→ Data supplied
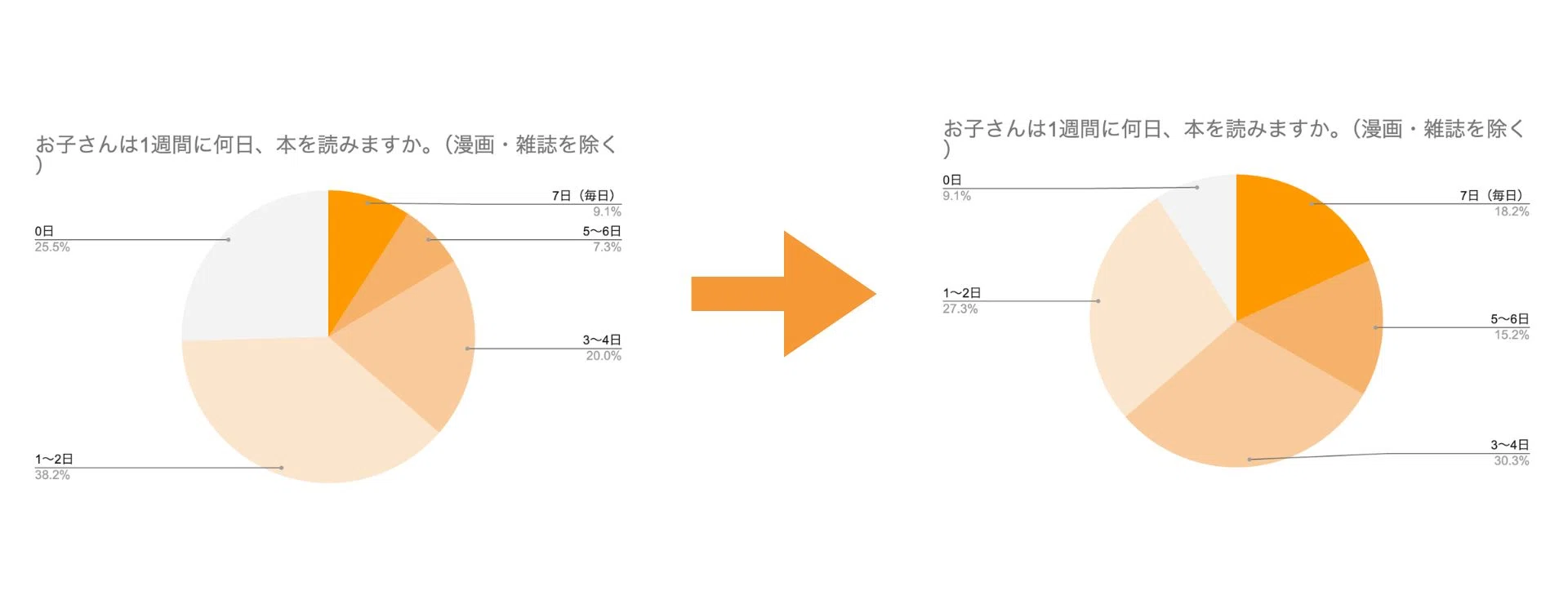 「ヨンデミー」を導入した伸学会での指導により、生徒全体の読書頻度が大きく向上しました。- 週の読書日数0日の生徒:25.5%→9.1%に減少
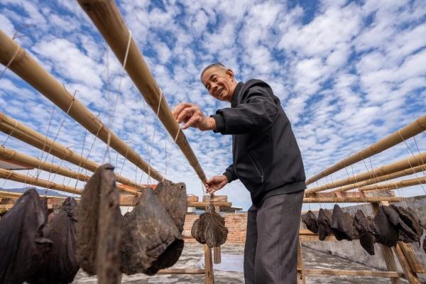 与许多食品加工不同,武平猪胆肝的制作严格遵循自然节律。“每年只有立冬到大寒这期间,干燥的北风起来了,才是制作的时候。这是老祖宗传下来的规矩,急不得,也乱不得。”武平猪胆肝制作技艺县级传承人谢松青一边翻动着缸中食材,一边向记者解释。
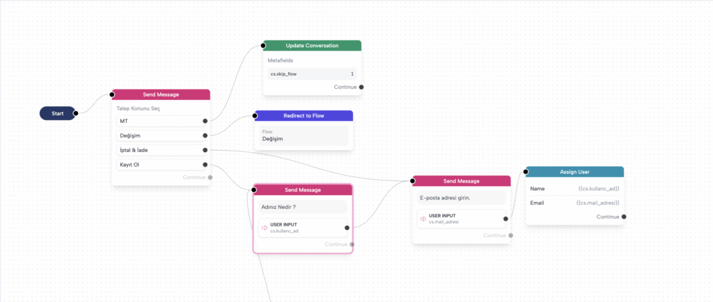 - Bir nevi “Eğer kullanıcı A cevabını verirse şu akışa, B cevabını verirse bu akışa git” kuralı oluşturursunuz.
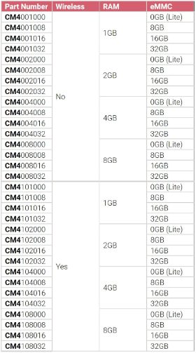 CM4 RAM and eMMC Size
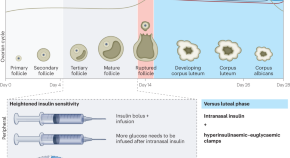 As most studies on the action of insulin in the brain have focused on men, metabolic changes during the menstrual cycle in women remain poorly understood. Using intranasal insulin administration during hyperinsulinaemic–euglycaemic clamps and functional MRI, Hummel et al. show reduced insulin sensitivity during the luteal phase.
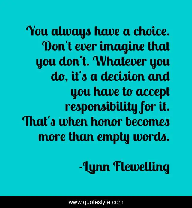 This page presents the quote "You always have a choice. Don't ever imagine that you don't. Whatever you do, it's a decision and you have to accept responsibility for it. That's when honor becomes more than empty words.". Author of this quote is Lynn Flewelling. This quote is about lynn-flewelling, stalking-darkness, honor, choice,.
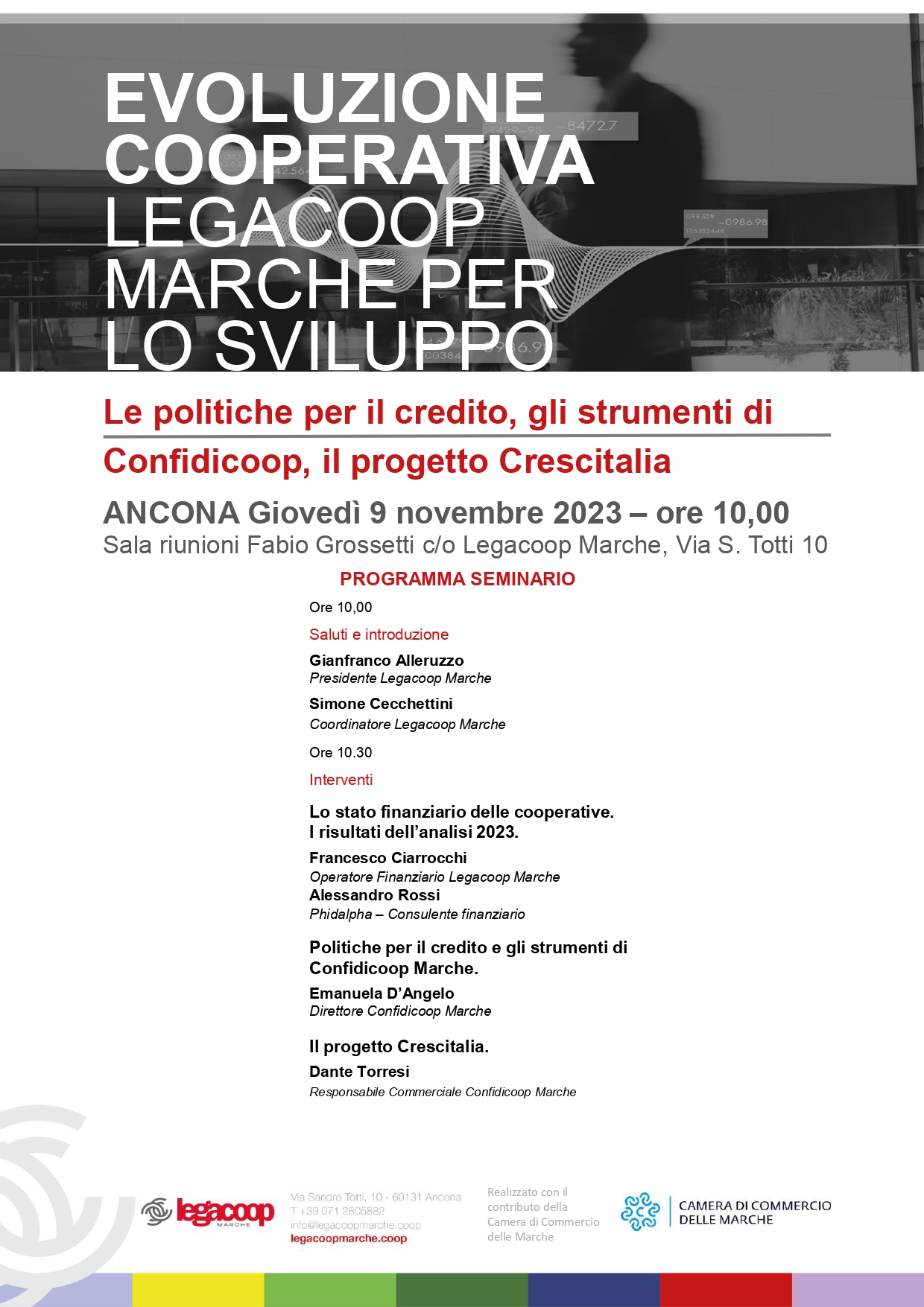 Legacoop Marche organizza il seminario “Le politiche per il credito, gli strumenti di Confidicoop, il progetto Crescitalia”, che si svolgerà giovedì 9 novembre alle 10 nella Sala riunioni Fabio Grossetti nella sede dell’associazione ad Ancona. L’iniziativa è parte del progetto “Evoluzione cooperativa. Legacoop Marche per lo sviluppo”, realizzato con il contributo della Camera di Commercio delle Marche.
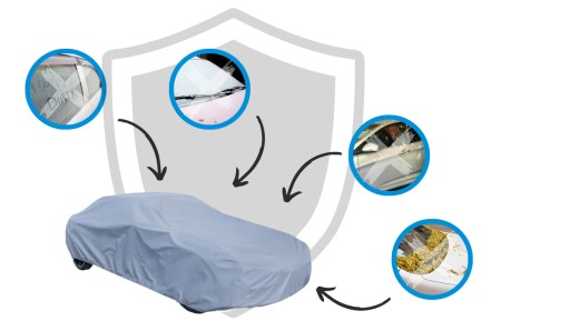 OCHRONA POJAZDU: przed działaniem promieniowania UV, szronem, przed zwierzętami chodzącymi po pojeździe, przed żywicą, przed ptasimi odchodami, przed olejami i innymi substancjami, przed kurzem, rdzą i matowieniem lakieru pojazdu, przed wysokimi oraz niskimi temperaturami.

→ Work instruction
With the pictures set aside, copy each line above as written.

→ Answer section
 「ヨンデミー」を導入した伸学会での指導により、生徒全体の読書頻度が大きく向上しました。- 週の読書日数0日の生徒:25.5%→9.1%に減少
 与许多食品加工不同,武平猪胆肝的制作严格遵循自然节律。“每年只有立冬到大寒这期间,干燥的北风起来了,才是制作的时候。这是老祖宗传下来的规矩,急不得,也乱不得。”武平猪胆肝制作技艺县级传承人谢松青一边翻动着缸中食材,一边向记者解释。
 - Bir nevi “Eğer kullanıcı A cevabını verirse şu akışa, B cevabını verirse bu akışa git” kuralı oluşturursunuz.
 CM4 RAM and eMMC Size
 As most studies on the action of insulin in the brain have focused on men, metabolic changes during the menstrual cycle in women remain poorly understood. Using intranasal insulin administration during hyperinsulinaemic–euglycaemic clamps and functional MRI, Hummel et al. show reduced insulin sensitivity during the luteal phase.
 This page presents the quote "You always have a choice. Don't ever imagine that you don't. Whatever you do, it's a decision and you have to accept responsibility for it. That's when honor becomes more than empty words.". Author of this quote is Lynn Flewelling. This quote is about lynn-flewelling, stalking-darkness, honor, choice,.
 Legacoop Marche organizza il seminario “Le politiche per il credito, gli strumenti di Confidicoop, il progetto Crescitalia”, che si svolgerà giovedì 9 novembre alle 10 nella Sala riunioni Fabio Grossetti nella sede dell’associazione ad Ancona. L’iniziativa è parte del progetto “Evoluzione cooperativa. Legacoop Marche per lo sviluppo”, realizzato con il contributo della Camera di Commercio delle Marche.
 OCHRONA POJAZDU: przed działaniem promieniowania UV, szronem, przed zwierzętami chodzącymi po pojeździe, przed żywicą, przed ptasimi odchodami, przed olejami i innymi substancjami, przed kurzem, rdzą i matowieniem lakieru pojazdu, przed wysokimi oraz niskimi temperaturami.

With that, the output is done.